**ABOUT THIS TASK**
Return the data that follows exactly as it appears. Pictures do not belong in the copy.

**SUPPLIED INFORMATION**

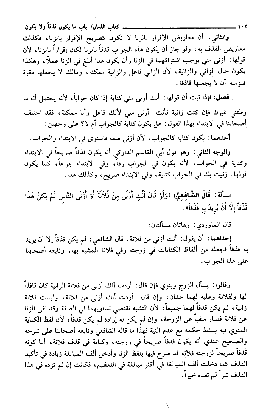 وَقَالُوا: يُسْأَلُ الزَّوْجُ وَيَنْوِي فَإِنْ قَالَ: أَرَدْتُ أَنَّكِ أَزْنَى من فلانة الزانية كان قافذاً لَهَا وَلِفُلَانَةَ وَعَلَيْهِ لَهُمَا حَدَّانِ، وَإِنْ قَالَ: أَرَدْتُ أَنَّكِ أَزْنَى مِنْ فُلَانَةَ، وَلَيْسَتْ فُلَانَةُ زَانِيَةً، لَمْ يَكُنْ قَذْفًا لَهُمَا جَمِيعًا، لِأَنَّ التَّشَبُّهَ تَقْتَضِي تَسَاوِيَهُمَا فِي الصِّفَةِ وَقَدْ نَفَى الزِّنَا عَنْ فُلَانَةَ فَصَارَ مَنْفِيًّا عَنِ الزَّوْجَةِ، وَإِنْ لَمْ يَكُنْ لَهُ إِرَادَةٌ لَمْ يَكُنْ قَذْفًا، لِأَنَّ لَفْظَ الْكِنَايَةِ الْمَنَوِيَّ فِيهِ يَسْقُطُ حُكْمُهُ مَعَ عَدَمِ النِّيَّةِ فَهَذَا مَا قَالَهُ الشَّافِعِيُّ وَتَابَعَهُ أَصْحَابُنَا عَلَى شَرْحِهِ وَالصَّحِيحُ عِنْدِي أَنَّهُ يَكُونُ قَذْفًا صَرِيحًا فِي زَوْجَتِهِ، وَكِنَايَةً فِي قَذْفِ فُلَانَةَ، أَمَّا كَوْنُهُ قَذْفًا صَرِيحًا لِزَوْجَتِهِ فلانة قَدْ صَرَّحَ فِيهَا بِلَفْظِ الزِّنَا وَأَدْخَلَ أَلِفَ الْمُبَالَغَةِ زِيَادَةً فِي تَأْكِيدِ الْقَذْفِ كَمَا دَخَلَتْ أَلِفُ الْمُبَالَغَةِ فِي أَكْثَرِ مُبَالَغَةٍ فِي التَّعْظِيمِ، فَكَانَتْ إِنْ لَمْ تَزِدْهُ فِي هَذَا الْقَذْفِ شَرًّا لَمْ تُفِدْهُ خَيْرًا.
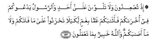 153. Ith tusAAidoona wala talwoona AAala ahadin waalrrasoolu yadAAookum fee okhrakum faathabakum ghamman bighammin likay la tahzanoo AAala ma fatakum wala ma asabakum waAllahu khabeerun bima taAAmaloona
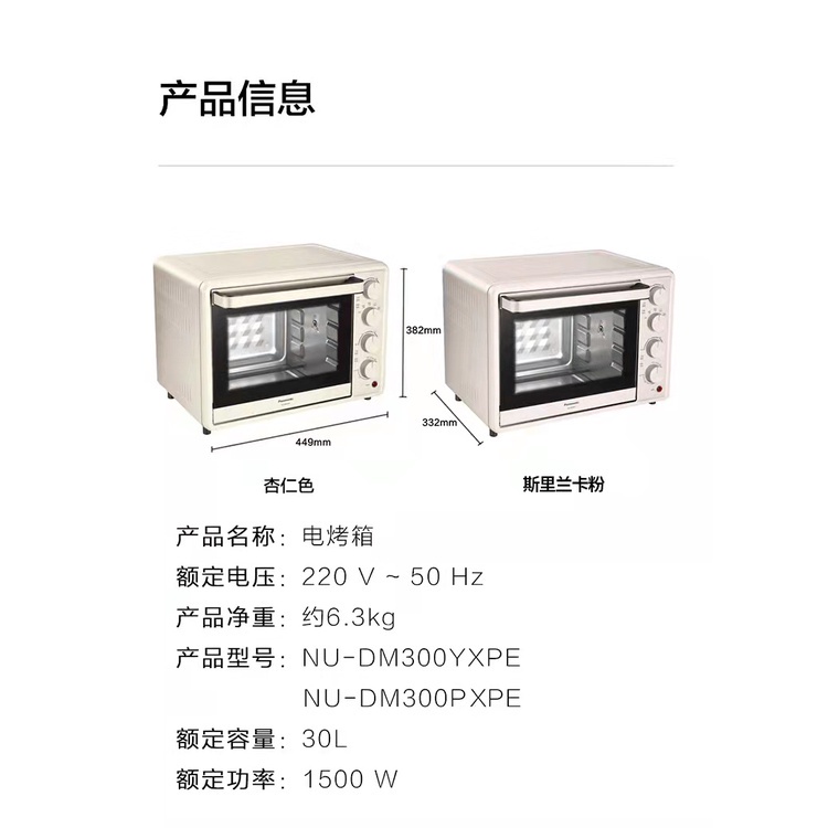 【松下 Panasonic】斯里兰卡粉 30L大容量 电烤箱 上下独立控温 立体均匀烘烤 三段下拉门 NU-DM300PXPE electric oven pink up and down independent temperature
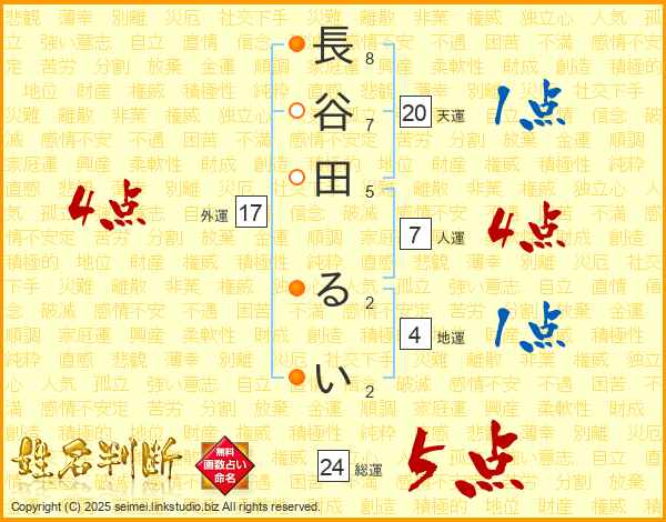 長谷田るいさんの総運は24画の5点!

**RESULT**
 وَقَالُوا: يُسْأَلُ الزَّوْجُ وَيَنْوِي فَإِنْ قَالَ: أَرَدْتُ أَنَّكِ أَزْنَى من فلانة الزانية كان قافذاً لَهَا وَلِفُلَانَةَ وَعَلَيْهِ لَهُمَا حَدَّانِ، وَإِنْ قَالَ: أَرَدْتُ أَنَّكِ أَزْنَى مِنْ فُلَانَةَ، وَلَيْسَتْ فُلَانَةُ زَانِيَةً، لَمْ يَكُنْ قَذْفًا لَهُمَا جَمِيعًا، لِأَنَّ التَّشَبُّهَ تَقْتَضِي تَسَاوِيَهُمَا فِي الصِّفَةِ وَقَدْ نَفَى الزِّنَا عَنْ فُلَانَةَ فَصَارَ مَنْفِيًّا عَنِ الزَّوْجَةِ، وَإِنْ لَمْ يَكُنْ لَهُ إِرَادَةٌ لَمْ يَكُنْ قَذْفًا، لِأَنَّ لَفْظَ الْكِنَايَةِ الْمَنَوِيَّ فِيهِ يَسْقُطُ حُكْمُهُ مَعَ عَدَمِ النِّيَّةِ فَهَذَا مَا قَالَهُ الشَّافِعِيُّ وَتَابَعَهُ أَصْحَابُنَا عَلَى شَرْحِهِ وَالصَّحِيحُ عِنْدِي أَنَّهُ يَكُونُ قَذْفًا صَرِيحًا فِي زَوْجَتِهِ، وَكِنَايَةً فِي قَذْفِ فُلَانَةَ، أَمَّا كَوْنُهُ قَذْفًا صَرِيحًا لِزَوْجَتِهِ فلانة قَدْ صَرَّحَ فِيهَا بِلَفْظِ الزِّنَا وَأَدْخَلَ أَلِفَ الْمُبَالَغَةِ زِيَادَةً فِي تَأْكِيدِ الْقَذْفِ كَمَا دَخَلَتْ أَلِفُ الْمُبَالَغَةِ فِي أَكْثَرِ مُبَالَغَةٍ فِي التَّعْظِيمِ، فَكَانَتْ إِنْ لَمْ تَزِدْهُ فِي هَذَا الْقَذْفِ شَرًّا لَمْ تُفِدْهُ خَيْرًا.
 153. Ith tusAAidoona wala talwoona AAala ahadin waalrrasoolu yadAAookum fee okhrakum faathabakum ghamman bighammin likay la tahzanoo AAala ma fatakum wala ma asabakum waAllahu khabeerun bima taAAmaloona
 【松下 Panasonic】斯里兰卡粉 30L大容量 电烤箱 上下独立控温 立体均匀烘烤 三段下拉门 NU-DM300PXPE electric oven pink up and down independent temperature
 長谷田るいさんの総運は24画の5点!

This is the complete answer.